The second resistor 72 is electrically connected between nodes 62 and 58 and electrically connected to the second switch 76 in series. The second switch 76 is electrically connected between the nodes 62 and 56. The second resistor 72 is electrically connected to the second battery cell group 32 in response to a control signal of the computer 100 when the first switch 76 is in the first operating position Respectively. When the second switch 76 becomes the first operating position, the second battery cell group 32 generates a current to generate thermal energy through the second resistor 72 and is partially discharged. The second resistor 72 is connected to the second operating position (open operating position) in response to the absence of any further control signal output from the computer 100 to the second resistor 72. [ The second battery cell group 32 is electrically disconnected from the second battery cell group 32.

The first voltage sensor 80 is electrically connected between the nodes 46 and 48. The first voltage sensor 80 generates a first signal indicative of a first voltage level of the first battery cell group 30, and the computer 100 receives the first signal.

The second voltage sensor 82 is electrically connected between the nodes 56 and 58. The second voltage sensor 82 generates a second signal indicative of a second voltage level of the second battery cell group 32, and the computer 100 is configured to receive the second signal.

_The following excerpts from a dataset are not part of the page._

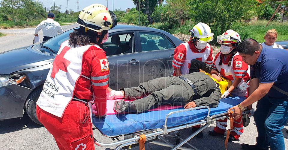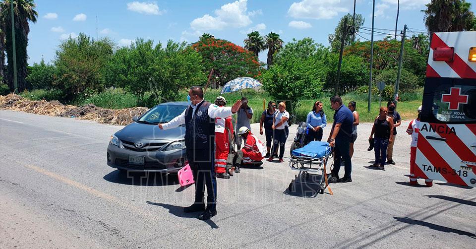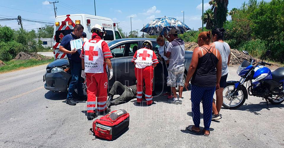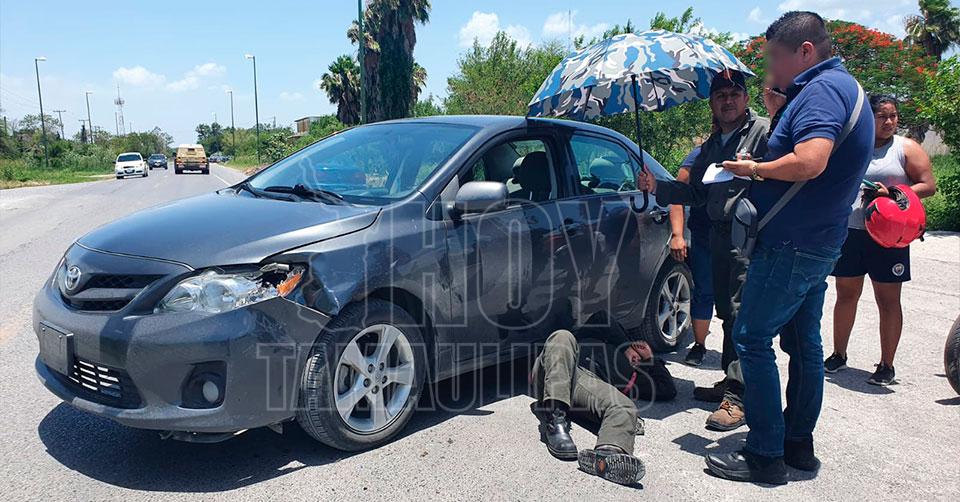 El accidente se registró cuando el conductor de un automóvil Toyota y empleado del IMSS salió por la calle Misión España en sentido de poniente a oriente y al incorporarse a la carretera vieja a El Mante embistió al motociclista.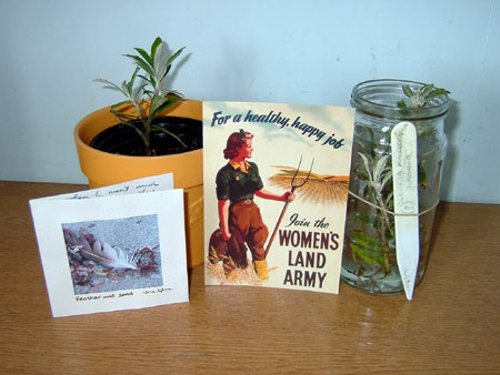 And this is the second batch, these twiglets are more tricky, they are NZ daisybushes, the plant in the pot is already rooted and I am keeping it in the pot inside until it is much bigger, the little card was with the first batch it is a tasteful photo by Jane Glue, the other photo is a touch appropriate (thought I’d say it before someone else did), I think I will put some of these tricky ones in pots and some in the sheltered front garden, fingers crossed…..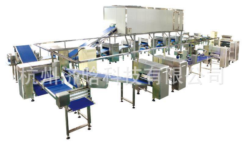 r采用技术,完成面块的输送、冷冻、擀薄、包油、叠层、整形、成型、入盘的全自动连续生产线,节省大量人力,了生产效率,提升产品的稳定性,是生产丹麦、开酥类产品的设备。

The temperature sensor 84 is disposed close to the first and second battery cell groups 30 and 32. The temperature sensor 84 generates a temperature signal indicative of a temperature level of at least one of the first battery cell group 30 and the second battery cell group 32, do.

The fan 86 is disposed close to the first resistor 70 and the second resistor 72. When the fan 86 is turned on, air or other type of gas is circulated through the first and second resistors 70 and 72 to cause the first and second resistors 70 and 72 The generated heat is dispersed and the temperature level of the battery cells included in the battery module 20 is raised. The fan 86 is turned on by the control signal of the computer 100 and is turned off when there is no more control signal from the computer 100.

The housing 88 includes the first resistor 70, the second resistor 72, the first switch 74, the second switch 76, the first voltage sensor 80, the second voltage sensor 82, A temperature sensor 84, a fan 86, and a computer 100. [ According to one embodiment, the computer 100 may be located outside the housing 88. Of course, according to another embodiment, the computer 100 may be located within the housing 88. According to one embodiment, the computer 100 is made of plastic. Of course, according to other embodiments, it may be made of other materials, such as stainless, as is well known in the art.

The computer 100 is connected to the first voltage sensor 80, the second voltage sensor 82, the temperature sensor 84, the fan 86, the first switch 74 and the second switch 76 And are electrically connected. The computer 100 includes an executable software architecture and an internal memory for storing data related to implementing the method of heating the battery module 20, which will be described in detail below. According to one embodiment, the computer 100 is configured as a microprocessor. Of course, according to another embodiment, the computer 100 may be comprised of a programmable logic controller or a field programmable array.

Referring to FIG. 2, a flow diagram of a method of heating a battery module 20 according to another embodiment of the present invention is shown.

In step 120, the temperature sensor 84 generates a temperature signal indicative of a temperature level of at least one of the first battery cell group 30 and the second battery cell group 32. After step 120, the method transitions to step 122. [

In step 122, the computer 100 determines whether the temperature level is below a threshold temperature level. In one example, the critical temperature level is in a temperature range between 0 ° C and 10 ° C. As another example, the critical temperature level is 10 占 폚. Of course, the critical temperature level may be 0 ° C or less or 10 ° C or more. If the value is "yes" at step 122, the method proceeds to step 124. [ In the opposite case, the method proceeds to step 128.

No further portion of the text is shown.